Project 3

1

With originally 10 folds in the model, the training and testing scores produced R-Squared values of .019 and -.003, respectively. With 30 folds, the testing score decreases to -.186, and to -.581 with 50 folds. Such a low R-Squared value suggests the current linear regression model is a poor fit for the data, showing little to no correlation between the feature and target values. Increasing the number of folds in the model results in the external validity continually getting much smaller in comparison to the internal validity. The model poorly predicts both the data it was trained on, and the data it wasn’t trained on, indicating it is poor fit for this data.

2

With 10 folds in the model, the training and testing scores produced respective values of .019 and -.014. With 30 folds, the testing score decreases to -.088, and then to -.512 with 50 folds. The standardized features perform nearly exactly the same as with the original regression model. The model still performs poorly and returns testing scores that are much smaller than the training scores.

3

Using standardized data in a ridge regression model with 10 folds, a training score of .019 is produced, along with a testing score of -.034. 30 folds provides respective training and testing scores of .019 and -.209, while 50 folds produce values of .019 and -.446. While the model still performs poorly, with an increase in to 50 folds, this model does perform better than the previous two models, with there being a smaller gap between the testing and training scores.

4

Sticking with 50 folds, the dataset charleston_act.csv provides training and testing scores of .004 and -.151 in the original linear regression model. Upon standardizing the data, the scores change to .004 and -.13, while the standardized ridge regression reveals training and testing scores of .004 and -.155. In comparison to the dataset of asking prices, actual prices produce a model with much closer internal and external validity; however, the values are even lower than that of the original data - suggesting each model is very under-fit.
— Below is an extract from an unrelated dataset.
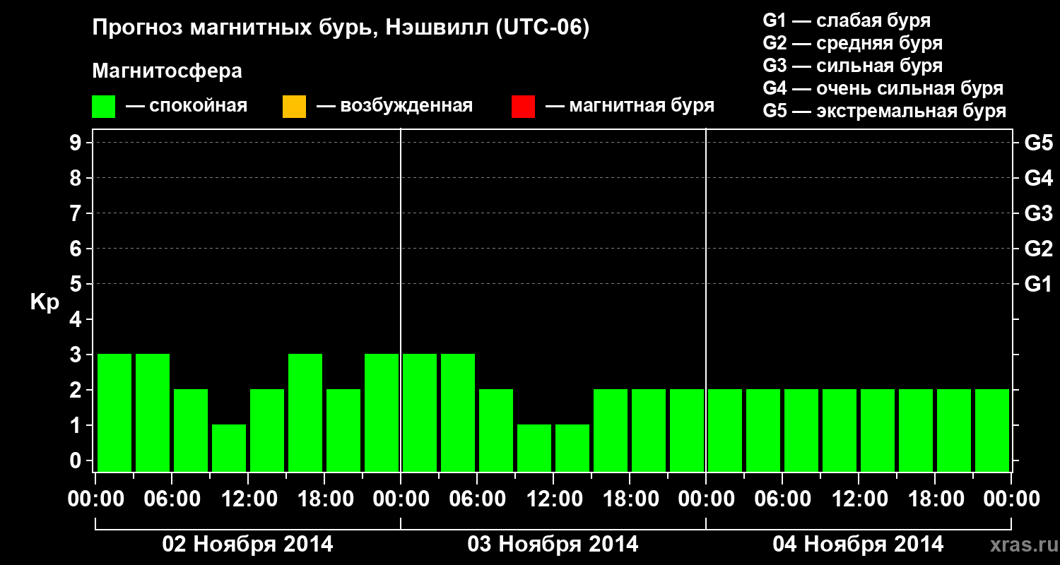 Прогноз магнитных бурь в Нэшвилле — 2 ноября 2014 года

With R-squared values of .004, less than 1% of the trained data is explained by the model.

5

Including the zip code dummy variables in the model of actual prices increases the training and testing scores across all three models. In OLS linear regression using 50 folds, there was a training score of .337 and a testing score of .127. Upon standardizing, the testing score increased to .314, suggesting the standardized model is a better fit for the full data set of actual home prices. In the final, ridge regression model, the testing score produced a value of .065. Each model claims about 33% of the trained data is explained by the model, while the predictive power of the un-trained, new data changes more dramatically, shifting from 6% to 12% and 31%. Including the zip code data improves the standardized model, suggesting the location of the homes has a greater impact on prices than the size of the homes.

6

Of the models ran, the best results were produced using standardized linear regression with the data set including the zip code dummy variables. With a closer connection between the external and internal validity of this model, and the low values of both validities, this model is estimated to be underfit, however it is a much better fit than that of the datasets excluding the zip code variables. There was likely an issue of omitted variables in those model, as the three included features had such a low impact on the model. Including zip code boosted the predictive power of the model, and likely, the inclusion of other possible independent variables would further improve the model’s predictive power. If I was working at Zillow, in the linear regression model of the final data set, I would include additional variables that could influence home prices, such as when the home was built and other aspects of location, such as proximity to cities or schools, or if any included neighborhoods were considered low-income housing.